GZIPInputStream

Hi everybody !

I’m trying to make my own texture format for lwjgl. Basically, it’s very simple : the image is in raw format, and I gzip the image to reduce its size.

My goal was to reduce the loading time (because using awt image loader is not very fast…). But i’ve made some benchmarks and here are the results :

  • When using the awt loader : 1530 ms
  • When using raw format without gzip compression : 450 ms (3 times faster !!!)
  • When using raw format with gzip compression : 3560 ms

So I deduce that using a GZIPInputStream is very very slow…
Does someone know where to find a faster “ungziper” or how could I do to make the decompression faster ?

Thanks for your help
++
Chman

EDIT: Oh, and forget about my english :slight_smile:

no idea really. The only thing I can think of is to look at using java.util.zip.Deflator directly if it is just that the input stream is slow. But that is ZLIB (GZip uses ZLIB but is somewhat different), and I don’t know how much faster you could make things run that way. You could also look for other gzip decoders (I can’t remember any, but a search should find something).

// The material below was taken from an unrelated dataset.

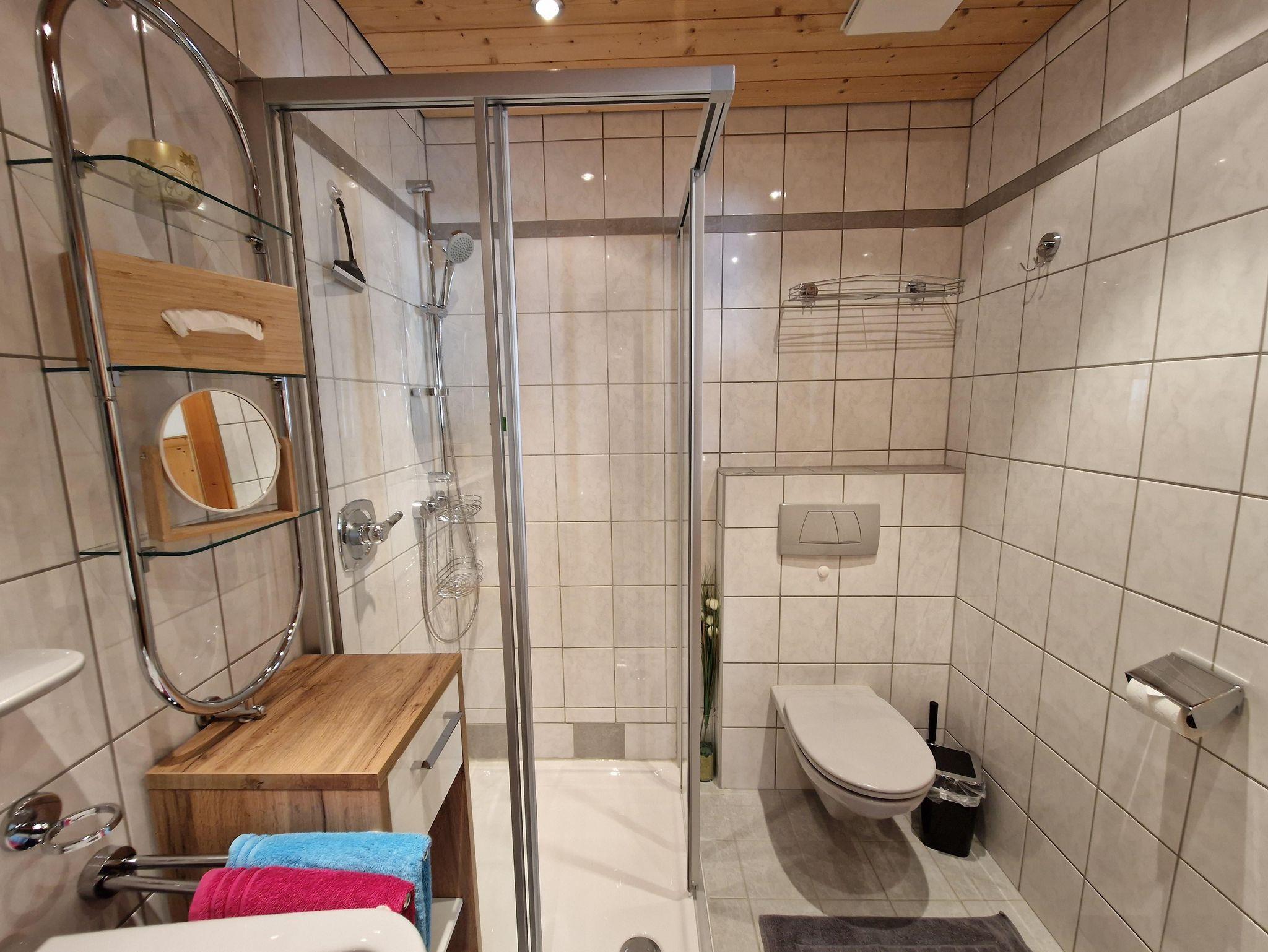 Ebenerdig gelangen Sie zur 45m² Wohnung. Mit eigenem Eingang, Hausgang (Diele) mit Garderobe und Skiabstellplatz-Skischuhtrockenplatz, Vorraum, 1 großer Wohn-Schlafraum mit gemütlichem Ercker und Küche, DU/WC. Sonnen am windgeschützten - ausblickfreien Vorplatz. Supermarkt M-Preis/Bäckerei und Bushaltestelle (gratis Skibus direkt zur Gondel) befinden sich in 80 m Entfernung. Es sind nur wenige Minuten ins Zentrum und zu den Skiliften. Für Langläufer befindet sich der Loipeneinstieg direkt beim Haus.
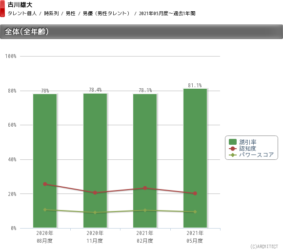 タレントパワーランキングの調査によると、古川の認知度は2020年5月までほぼ横ばいで推移していたが、同年8月に急上昇している(5月度は20.6%、8月度は25.6%)。これに伴い、認知度に誘引率を掛け合わせたタレントパワーは、8.2%から10.7%に上昇している。これは『エール』に“スター御手洗”として2度目に登場した後だ。

Hum… There are not so many gzip nor zip decoders for java on the web… The ones I’ve found were very slow, like in the JDK…

Any advices for my image loader ?

I don’t know about any fast unzippers… but what I would suggest is unzipping in the background as you need textures. That is predictively determine what textures are going to be needed before too long and start loading it.

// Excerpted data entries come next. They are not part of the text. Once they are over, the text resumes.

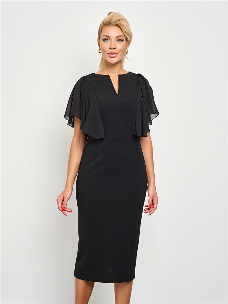 Платье-футляр трикотажное чёрное с рукавами из шифона от производителя Jetty. Модель прилегающего силуэта, круглый вырез горловины переходит в V-образный разрез. Линия талии отрезная. По спинке разрез. Идеальный выбор для создания вечернего образа., Оттенок цвета может незначительно отличаться от фото., Длина: 112 см., Размер модели: 42., Рост модели: 170 см., Состав:, Полиэстер 95%, Эластан 5%, Тип ткани:, Трикотаж+шифон
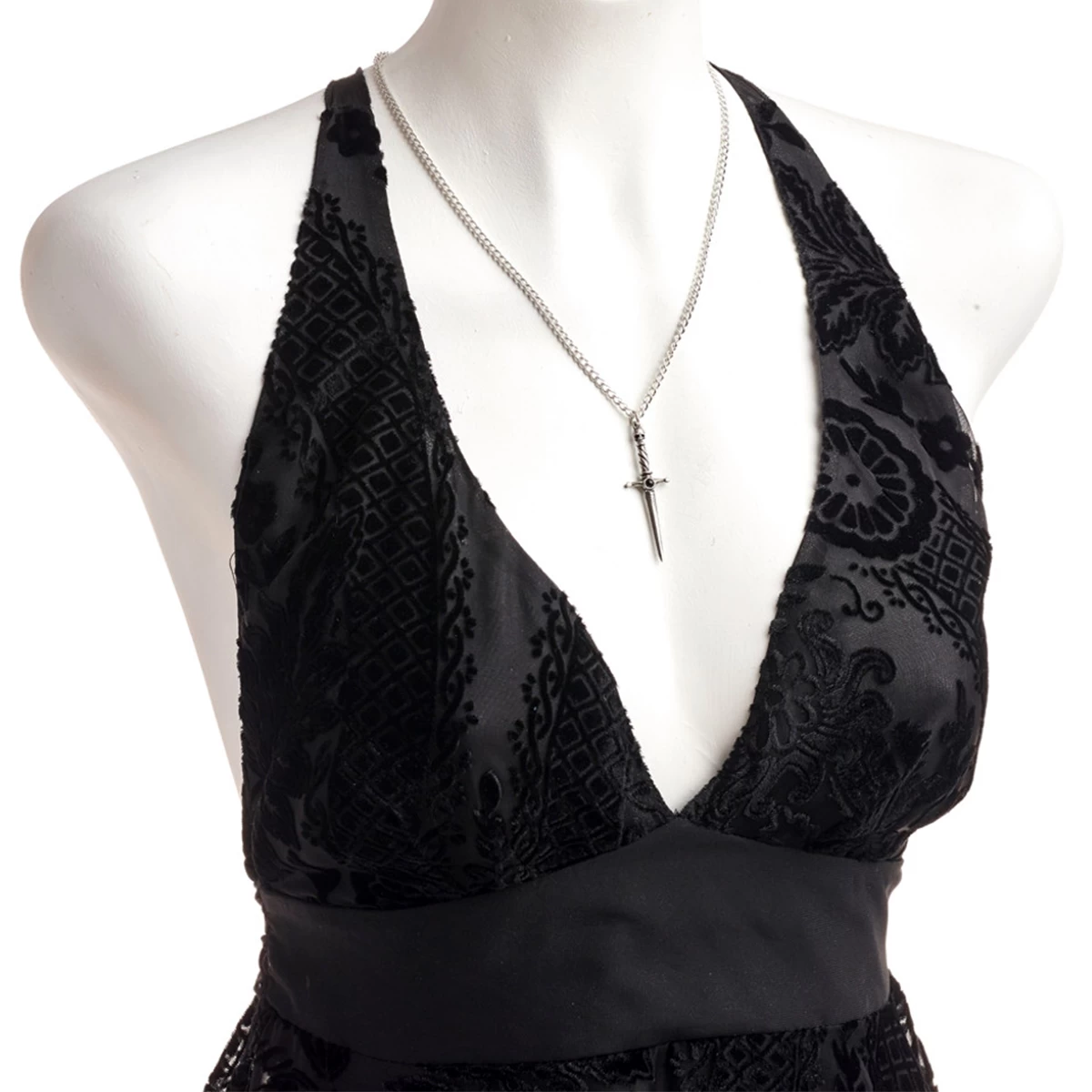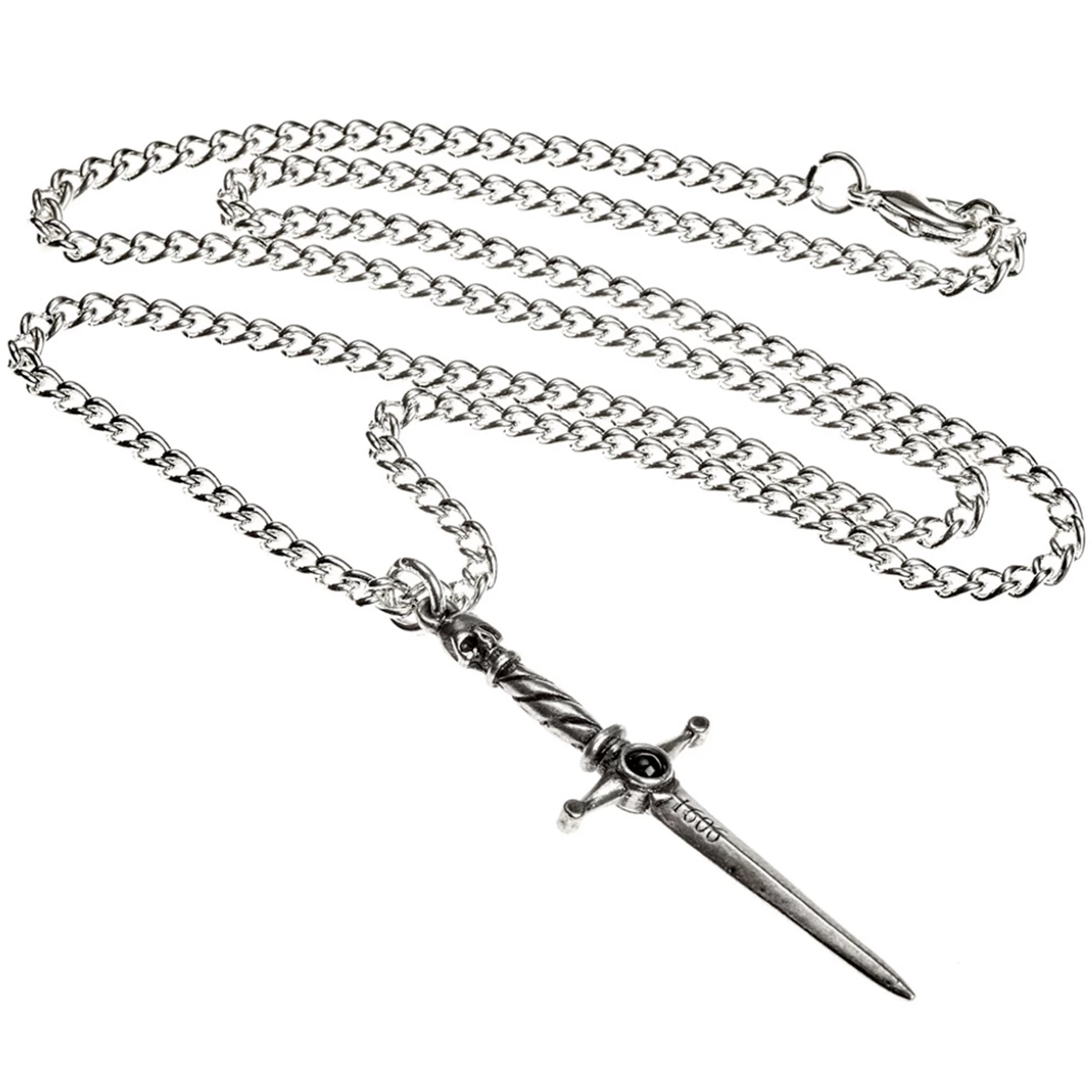 • Un petit pendentif en étain d’un poignard de style médiéval avec un petit cabochon noir sur la garde et une lame gravée.
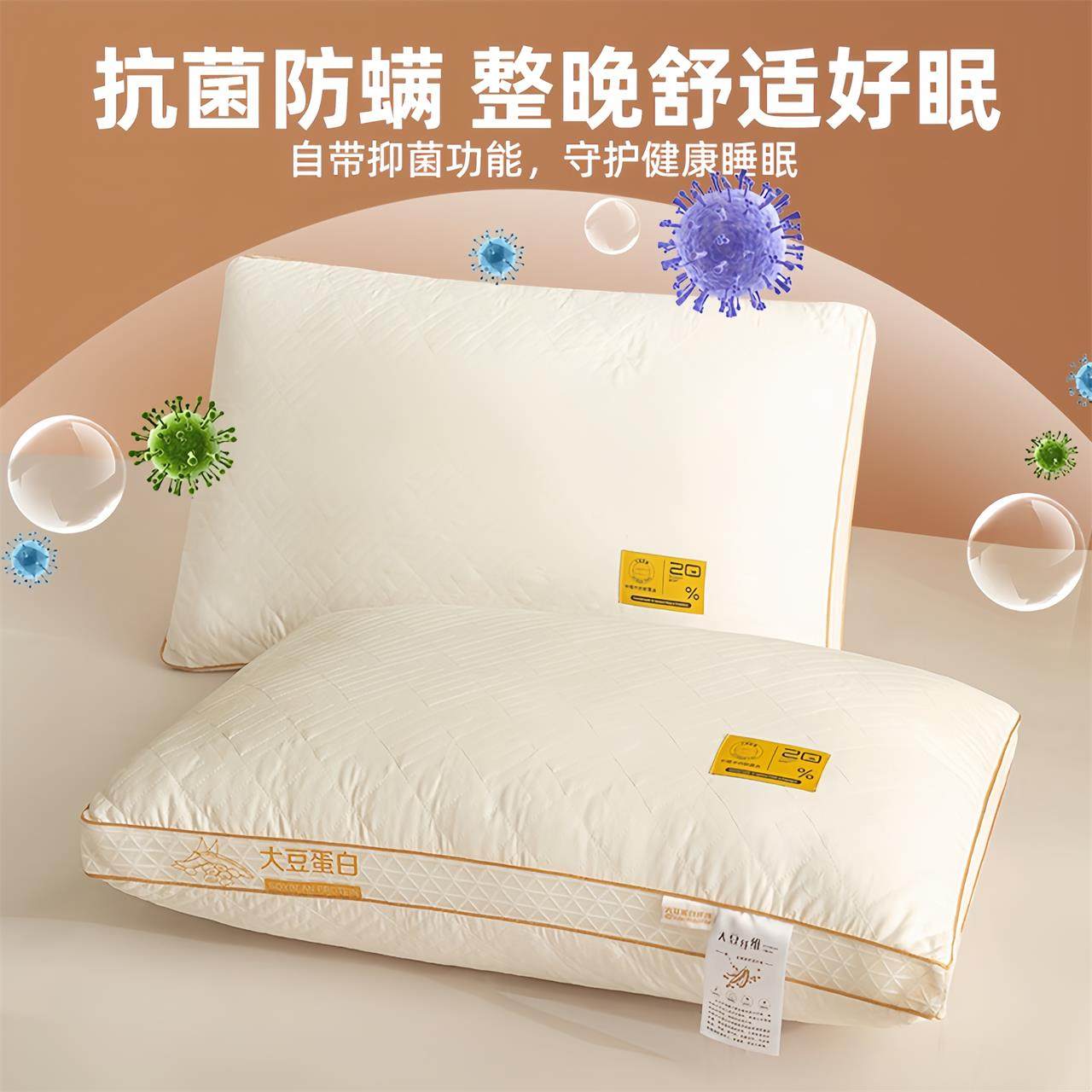 大豆纤维枕头护颈椎助睡眠成人枕头芯一对学生枕芯家用男一只装
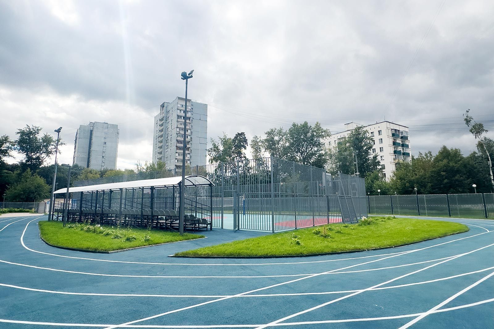 На территории школы создана спортивная зона, оснащенная беговой дорожкой, ямой для прыжков в длину, универсальными игровыми площадками, а также местами для сдачи норм ГТО, игры в настольный теннис и занятий воркаутом. Кроме того, для учеников предусмотрено место для отдыха.

http://www.jcraft.com/jzlib/index.html this is the one other java compression lib I know of.

Ant knows how to do bzip2 but that is more CPU intensive than gzip http://ant.apache.org/manual/CoreTasks/pack.html

You’re coming at it from the wrong angle Ch*man!
Zipping is only important when you’re downloading stuff over the net. When it’s local - store it in unzipped form! Then it’s fast. And when you download it - well, it’s zipped, of course. So it’s fast then, too.

Cas :slight_smile:

Hmm princec beat me to it.

Well keep your images gzip in your distribution. Then you can unzip all the files the first time the game is launched or when it is installed. HDD storage is cheap and most people have to much of it. I prefer a fast loading game over some 10-50mbs of HDD space anytime.

Yes, I understand, but zipped image uses 80ko, whereas unzipped it uses more than 700ko…

Disk space is hugely plentiful and abundant, and bandwidth ain’t. So who cares if it’s half a meg when it’s unzipped? I only care that it takes 10 seconds to download!

You ought to be more worried about squeezing it into graphics card memory than the speed it unzips at! Look into S3TC texture compression to shrink your textures a bit.

Cas :slight_smile:

Ok, thanks for your help men !
I will use S3TC… it seems to be good ! Do every graphics cards can handle this ?

No, only modern ones. You’ll have to check for the extension.

If I recall, it doesn’t save on disk space, but when you upload the texture to the card, the drivers convert it to the compressed format of your choice (in glTexImage2d)

Cas :slight_smile:

yeah I know :slight_smile:

Ok, now my texture loader works well with S3TC…
Thanks for your help !

Actually the best thing about the extension is the ability to ignore specific formats. I can upload a texture with the GL_COMPRESSED_RGB(A) format and it will simply choose an appropriate format. That’s the real spirit of OpenGL and comes as core in version 1.3 or 1.4 (don’t remember exaclty). You will only need the more specific S3TC extension if you need to update your textures on the fly.

  • elias

Isn’t IO the slowest operation though :S

Loading 20megs of compressed data should take rougly half as long as 40megs of uncompressed.
If you can then decompress the 20megs in less time than it would take to finish reading in the 40megs - you should end up with a faster loading, and smaller program.

Compression is going to get more and more important as the discrepancy between Storage and processing speed increases.

But we’re talking compression as an internal texture format, so the texture will take up less of the precious video memory. The extension has nothing to do with disk format (even though you can retrieve the texture in the driver specific compressed format).